» What to do: Only one stretch of the data is wanted: the line containing "каза проф. Нейкова.", the line containing "New build apartment, double", and every line between them, copied exactly.

» Dataset records:
───

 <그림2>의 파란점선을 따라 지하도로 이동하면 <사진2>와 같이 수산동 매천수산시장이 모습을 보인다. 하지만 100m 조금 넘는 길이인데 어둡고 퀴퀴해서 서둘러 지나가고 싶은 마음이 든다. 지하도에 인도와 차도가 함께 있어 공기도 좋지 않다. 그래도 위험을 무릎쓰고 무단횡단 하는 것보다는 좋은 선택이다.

───

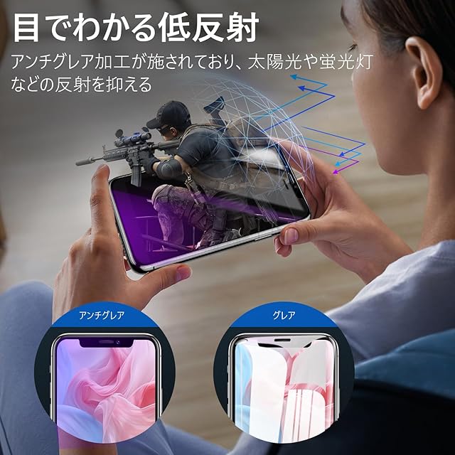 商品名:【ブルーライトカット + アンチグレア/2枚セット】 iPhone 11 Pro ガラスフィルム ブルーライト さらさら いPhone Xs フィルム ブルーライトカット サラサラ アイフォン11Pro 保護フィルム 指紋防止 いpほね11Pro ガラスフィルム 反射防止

───

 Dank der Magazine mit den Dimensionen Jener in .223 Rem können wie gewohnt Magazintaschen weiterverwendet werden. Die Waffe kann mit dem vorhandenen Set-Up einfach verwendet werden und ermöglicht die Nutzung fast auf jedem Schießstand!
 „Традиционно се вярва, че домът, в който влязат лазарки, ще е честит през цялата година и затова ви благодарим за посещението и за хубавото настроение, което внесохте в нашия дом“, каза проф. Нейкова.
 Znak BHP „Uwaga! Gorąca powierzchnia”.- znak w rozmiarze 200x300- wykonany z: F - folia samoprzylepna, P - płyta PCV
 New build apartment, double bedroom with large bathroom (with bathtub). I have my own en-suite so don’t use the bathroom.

───

» Output for this task:
 „Традиционно се вярва, че домът, в който влязат лазарки, ще е честит през цялата година и затова ви благодарим за посещението и за хубавото настроение, което внесохте в нашия дом“, каза проф. Нейкова.
 Znak BHP „Uwaga! Gorąca powierzchnia”.- znak w rozmiarze 200x300- wykonany z: F - folia samoprzylepna, P - płyta PCV
 New build apartment, double bedroom with large bathroom (with bathtub). I have my own en-suite so don’t use the bathroom.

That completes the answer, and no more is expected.